Le collectif contre la cherté de du transport vers l’Algérie (CCTA) a réagi après la saisie de l’avion de la compagnie aérienne Air Algérie en déclarant que « C’est avec stupeur et indignation que le collectif CCTA vient d’apprendre la saisie d’un avion de la compagnie Air Algérie à Bruxelles le 12 décembre 2014. Des factures impayées de longue date (2 millions de dollars de pièce de rechange) seraient à l’origine de la confiscation de l’appareil ».

Dans le même communiqué le CCTA indique que « Cette saisie de l’appareil algérien est une honte et représente une vexation pour tout le peuple algérien qui ne peut que rester convaincu de la façon anarchique et chaotique dont est gérée la compagnie nationale ».

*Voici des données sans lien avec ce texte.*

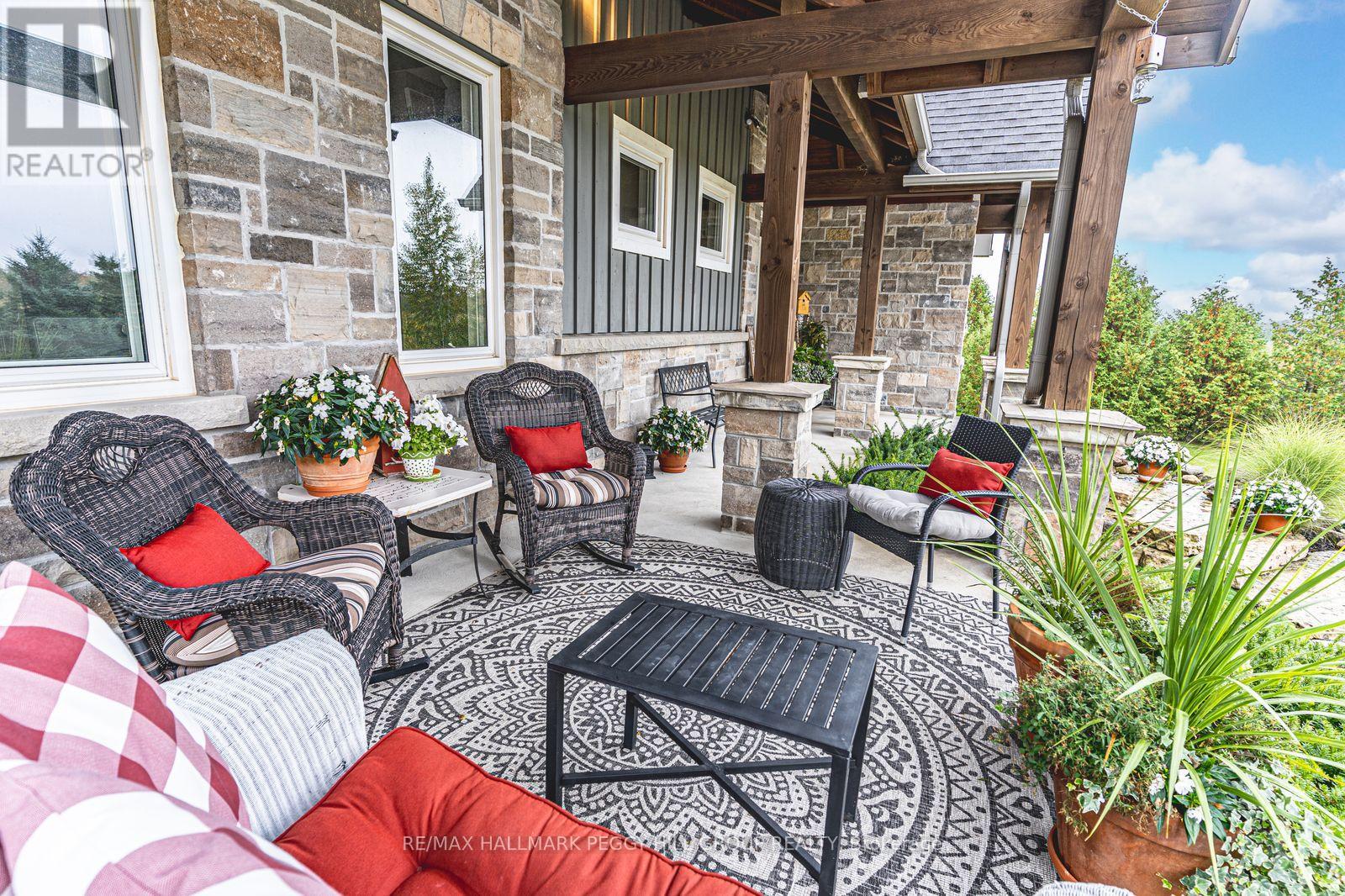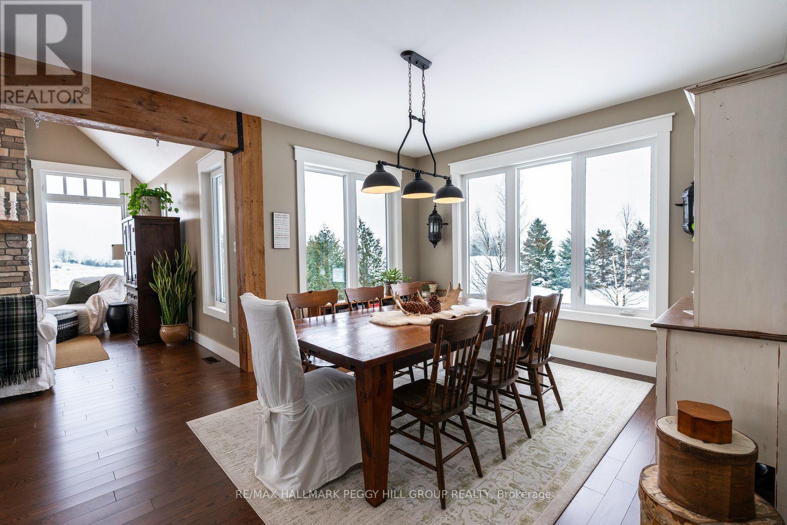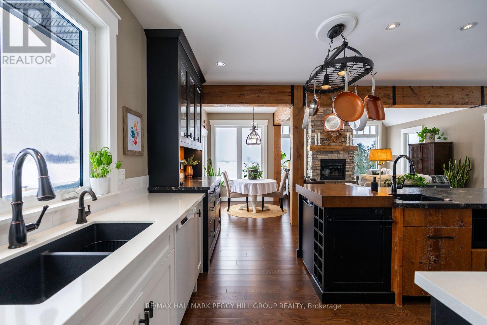 SOPHISTICATED COUNTRY LIVING IN A CUSTOM HOME IN SOUGHT-AFTER LOCATION ON SPRAWLING ACREAGE WITH A SEPARATE DETACHED SHOP, & A 2-BEDROOM INDEPENDENT SECOND LIVING AREA FOR MULTIGENERATIONAL LIVING! At the end of a long private driveway, you'll find a 2.47-acre estate offering over 4,300 fin sq ft, an attached 2 car garage, a 3 car shop, and a separate self-contained living area. The secondary living space offers a kitchen, living room with a fireplace, 2 bedrooms, bathroom, laundry, and heated floors, making it ideal for multigenerational living. This custom bungalow showcases a stone and board-and-batten exterior with timber beams, and a covered porch, while the 30 x 50 ft shop provides 100 amp service, 3 oversized bay doors, including a 12 x 12 ft door, and a 855 sq ft unfinished loft above. Inside the main residence, solid ash hardwood floors lead through an open concept layout featuring a magazine-worthy kitchen with an Aga 6-burner range and statement hood, open shelves, contrasting cabinets, an island, and a walk-in pantry. A dining room and bright breakfast area overlook the property, with the breakfast nook offering a walkout to the stone patio. The great room stands out with 16 ft vaulted ceilings and a floor-to-ceiling stone fireplace, plus an approx 750 sq ft unfinished loft above with potential for extra bedrooms or a family room. The primary suite features a barn door leading to 2 walk-in closets and an ensuite with a freestanding tub, dual vanity, shower with built-in niches, and a separate water closet. The finished lower level feels open and bright, with radiant in-floor heating, vinyl plank flooring, a large recreation room with a wood stove and wet bar, and 2 bedrooms connected by a shared ensuite. Located near Devil's Glen Country Club and Bruce Trail access, with Collingwood and Wasaga Beach approximately 25 mins away, and Blue Mountain under 30 mins, this #HomeToStay captures everything people imagine when they envision elevated country living. (id:4555)

Et de s’interroger « Où vont donc les millions d’euros et de dinars que paient les voyageurs algériens et de la diaspora ? Où vont donc les millions de dinars de subventions étatiques qui sont censés la faire survivre? ». « Les 30.000 dinars d’Alger à Tamanrasset et les 500 euros de Paris à Alger n’ont-ils pas pu payer la facture de cette société belge à l’origine de la saisie ? ».

« Ainsi donc les mensonges du PDG de la compagnie, Mohamed Saleh BOULTIF, selon lesquels la compagnie Air Algérie se porte bien sont mis à nu devant le monde entier » souligne le CCTA.

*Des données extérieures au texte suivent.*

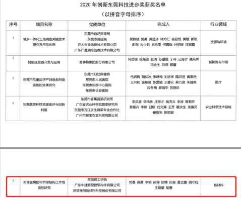 本次创新东莞科学技术奖共评选出2项技术发明奖、20项科技进步奖,其中我校作为牵头单位获奖1项,作为参与单位获奖3项。

« Aussi l’audit tant promis, s’il avait été réalisé par des experts indépendants et éloignés du pouvoir, aurait forcément évité la dérive dans la gestion d’Air Algérie et évité que la souveraineté nationale, au travers de cette saisie, puisse être battue en brèche par les prétendus représentants de la compagnie nationale ».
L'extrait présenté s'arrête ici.